The other magistrates in the CSE — a controversial organization that is controlled by Ortega's Sandinista Party and has been strongly criticized by the U.S., the E.U. and the Organization of American States for its dubious handling of recent elections — now find themselves under heavier scrutiny. Nicaraguan Controller General Guillermo Argüello Poessy tells me his previous effort to audit the fortune of CSE President Roberto Rivas — reported to include two planes, various million-dollar mansions in Nicaragua and Costa Rica, a small private island and a fleet of luxury cars, none of which exactly jives with Rivas' government salary — was blocked by Nicaragua's other four Controllers General.

But pressure is now building for a probe. Rivas says he and the other CSE magistrates have nothing to hide and that Osuna's arrest is an "isolated" case. "I can tell you with certainty that none of us are involved in this," Rivas says. "We have no problem with any one of us being investigated because none of us are involved in illicit activity." Still, Police Chief Aminta Granera said this week that her officers maintain an open investigation into the CSE and have orders to get to the bottom of this. "More could still come out of this," she said.

Those who know the inner workings of the CSE say it's highly unlikely that Osuna, who is accused along with 21 other people who are not public officials, was working alone inside the government. "It's very difficult to think only one person was involved in this, especially when so much money was at play," says former CSE President Rosa Marina Zelaya. "This uncovers a very serious problem — Nicaragua's national ID system is broken, and this is more widespread than we realize yet."

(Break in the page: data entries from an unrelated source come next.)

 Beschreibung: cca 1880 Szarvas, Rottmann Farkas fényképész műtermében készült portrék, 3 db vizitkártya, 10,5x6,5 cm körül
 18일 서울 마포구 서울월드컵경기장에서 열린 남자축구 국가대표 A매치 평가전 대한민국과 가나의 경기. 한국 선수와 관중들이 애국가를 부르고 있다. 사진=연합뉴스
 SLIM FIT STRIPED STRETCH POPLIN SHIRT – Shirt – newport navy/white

Former Nicaraguan Foreign Minister Dr. Emilio Alvarez agrees: "The problem of Nicaraguan passports and IDs is endemic and chronic and historical," he says. "This is not a problem of one magistrate." In the final months of Ortega's first Sandinista government in 1990, when party apparatchiks were busily divvying up confiscated properties and other spoils of their decade-long revolution, the National Assembly quietly passed a decree granting Nicaraguan citizenship to some 600 foreign revolutionaries, extremists and other political misfits who were being harbored by Nicaragua as an act of "solidarity." From one day to the next, members of terrorist bands like ETA, Italy's Red Brigade, the FARC, the IRA, various Arab groups, Iranian militants, and a mishmash of other Latin American guerrillas were all given Nicaraguan citizenship. Several years later, U.S. investigators found five Nicaraguan passports linked to the 1993 World Trade Center bombing.

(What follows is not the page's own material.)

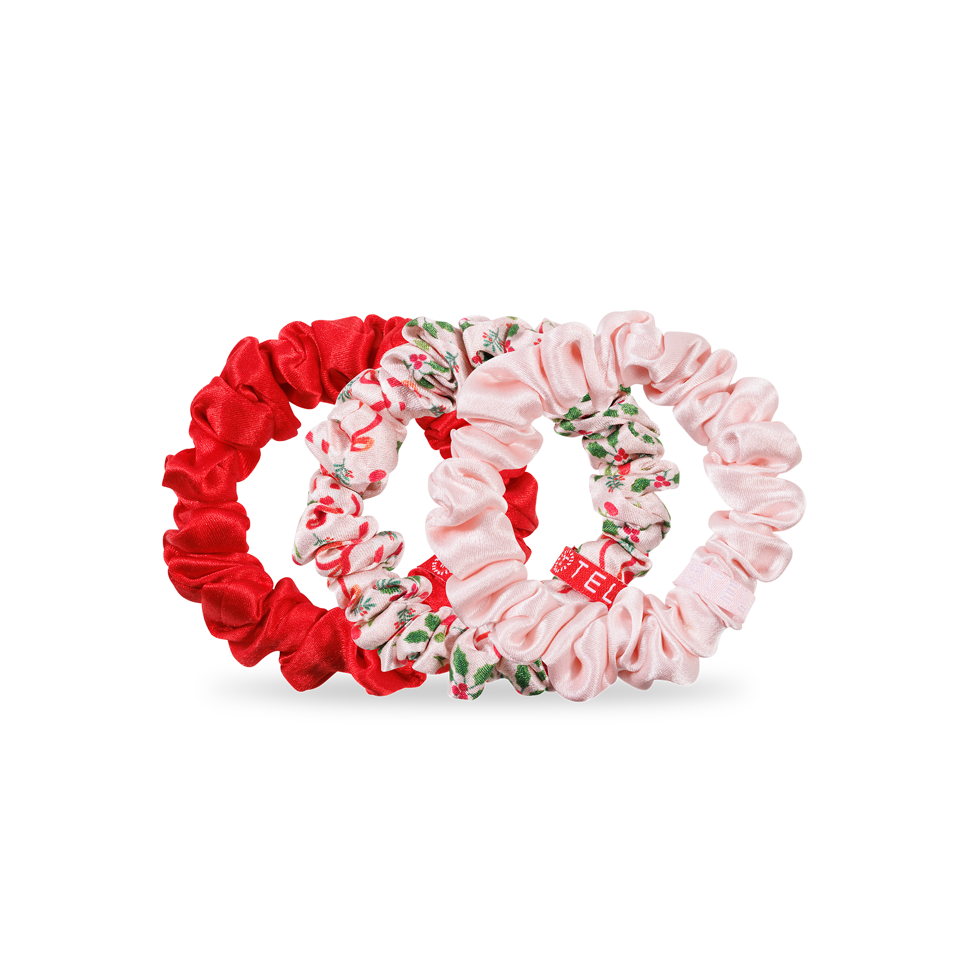 Take care of your bedtime hair and hold your hair in place with ease and softness! Blushmas Small Silk Scrunchies in Pink and Red offer a secure grip without slipping—thanks to the innovative inner coil—wrapped in soft, natural silk.
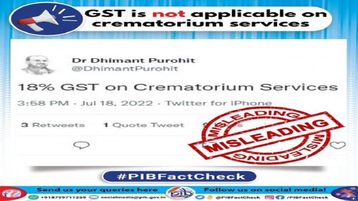 कई मीडिया रिपोर्ट्स में दावा किया जा रहा है कि केंद्र सरकार ने अंतिम संस्कार सेवाओं पर भी जीएसटी बढ़ा दिया है. जो पहले कम था लेकिन अब इसे बढ़ाकर 18 फीसदी कर दिया गया है। आपकी जानकारी के लिए बता दे कि इस तरह के मैसेज इन दिनों सोशल मीडिया पर खूब वायरल हो रहे हैं. सोशल मीडिया पर वायरल हो रहे एक मैसेज में दावा किया गया है कि केंद्र सरकार ने 'श्मशान सेवाओं पर 18 फीसदी जीएसटी' लगाया है. इसके साथ ही अंतिम संस्कार, दफनाने, दाह संस्कार या मुर्दाघर सेवाओं पर 18 प्रतिशत जीएसटी लगता है। लेकिन जब पीआईबी की टीम को इस वायरल मैसेज की सच्चाई का पता चला तो उन्होंने पाया कि ये मैसेज पूरी तरह से फर्जी हैं.

While the Sandinistas' strong central government has slowed the narco-contamination of Nicaragua, the country's democratic institutions are extremely weak and vulnerable to corruption, analysts warn. It remains to be seen how far police will go — or be allowed to snoop — behind the thick curtain of secrecy that has shrouded the Sandinista government for the past five years. For the moment, however, the curtain has parted just enough to reveal some uncomfortable truths and raise serious questions.

Tim Rogers is editor of Nicaragua Dispatch. Reporting for this story was supported by a grant from The Pulitzer Center on Crisis Reporting.